▶ _LISTED ENTRIES_

---

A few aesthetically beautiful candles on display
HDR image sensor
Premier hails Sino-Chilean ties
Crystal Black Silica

---

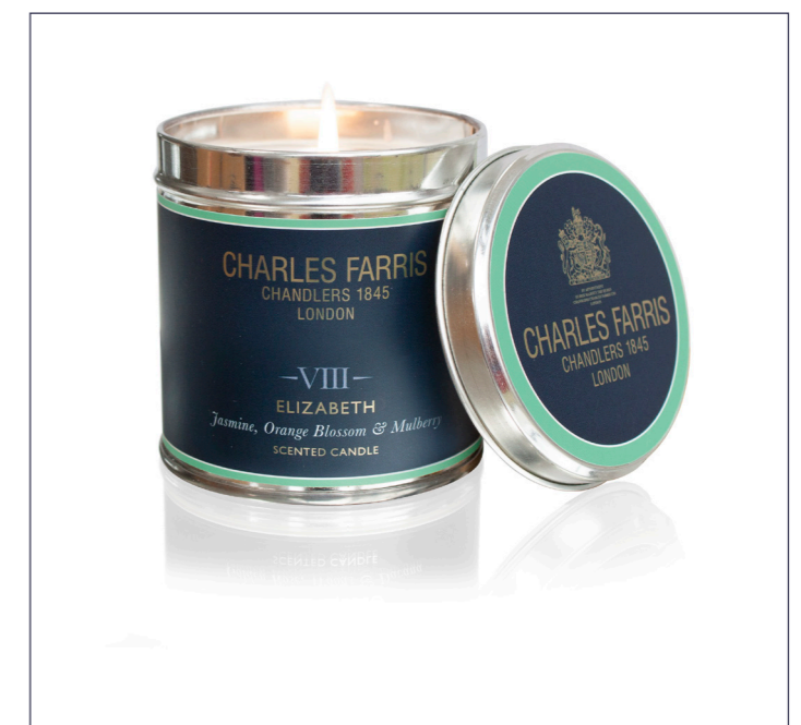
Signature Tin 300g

---

▶ _TO DO_
Would you print exactly and only the lines of the material above that run from the line with "HDR image sensor" through the line with "Crystal Black Silica", both included?

▶ _ANSWER BELOW_
HDR image sensor
Premier hails Sino-Chilean ties
Crystal Black Silica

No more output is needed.